### YOUR GOAL
Please output, exactly and without pictures, the lines from the opening of the listing below through the line containing "Photograph of a", both included.

### INFORMATION PROVIDED

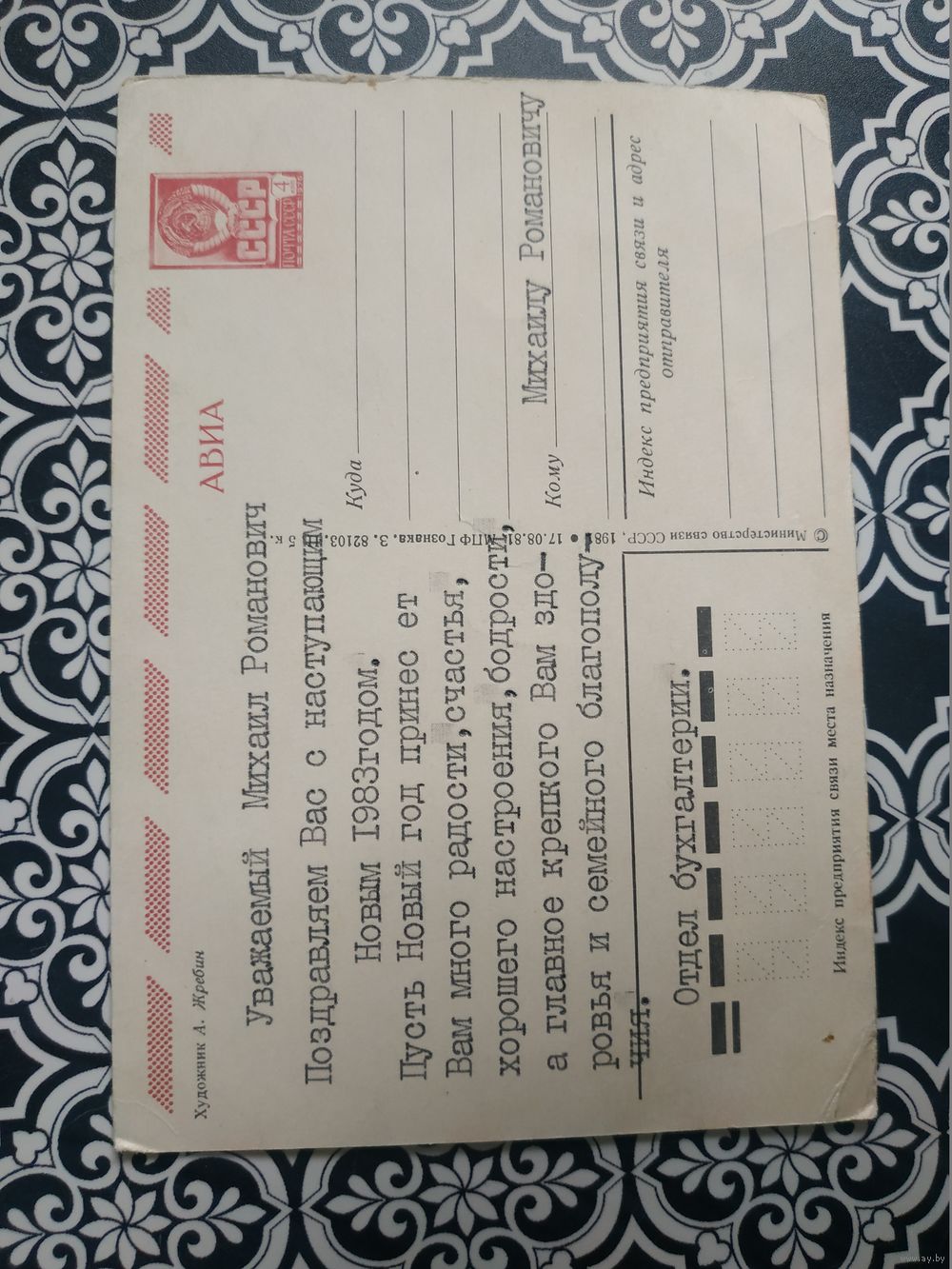 Открытка СССР 1981 год. Подписана. А.Жребин .Состояние на скане.
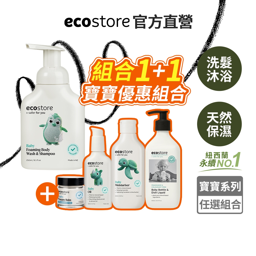 【ecostore宜可誠】純淨寶寶2合1洗髮&沐浴泡泡慕斯 寶寶屁屁膏 奶瓶清潔劑 寶寶潤膚乳 按摩油 護膚膏
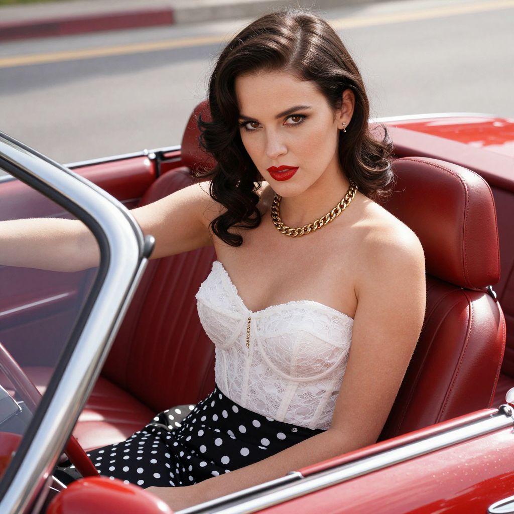 Photograph of a stylish woman with fair skin and dark brown, wavy hair sitting in a red vintage convertible. She's wearing a strapless, white lace corset with a sweetheart neckline, black polka-dot skirt, and a gold necklace. Her red lipstick matches the car's interior, and she's looking directly at the camera with a confident expression. Sunlight highlights her features, creating a glamorous, vintage vibe.
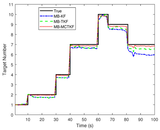 Figure 5 shows target number estimation results of different filters over 500 Monte Carlo trials. Figure 5 shows that the target number estimation of the MB-ETKF is almost same as that of the MB-EKF in the initial state, but worse than that of the MB-MCETKF. The main reason for this is that both are derived using the MMSE criterion under an assumption of Gaussian noise, and the MMSE only uses the second-order term of the innovation. They easily mistake outliers as false-alarm targets, resulting in an underestimation of target number. As time goes by, the target number estimation of the MB-EKF becomes worse than that of the MB-ETKF. The main reason for this is that the turning rate is not considered in the MB-EKF, resulting in a more inaccurate predicted state of a target, which will further reduce its robustness toward outliers. The target number estimation of the MB-MCETKF is more accurate than that of the other two filters, mainly because the former is derived by using correntropy criteria, which utilizes not only second-order but also higher-order information of the innovation, and thus, has stronger resistance toward outliers than the other two filters. Note that the MB-MCETKF can only reduce the influence of outliers to a certain extent, but cannot completely eliminate it. Therefore, large outliers may also be regarded as false alarms, resulting in an estimate of the number of targets slightly lower than the true number of targets.

### THE COMPLETED TASK
 Открытка СССР 1981 год. Подписана. А.Жребин .Состояние на скане.
 【ecostore宜可誠】純淨寶寶2合1洗髮&沐浴泡泡慕斯 寶寶屁屁膏 奶瓶清潔劑 寶寶潤膚乳 按摩油 護膚膏
 Photograph of a stylish woman with fair skin and dark brown, wavy hair sitting in a red vintage convertible. She's wearing a strapless, white lace corset with a sweetheart neckline, black polka-dot skirt, and a gold necklace. Her red lipstick matches the car's interior, and she's looking directly at the camera with a confident expression. Sunlight highlights her features, creating a glamorous, vintage vibe.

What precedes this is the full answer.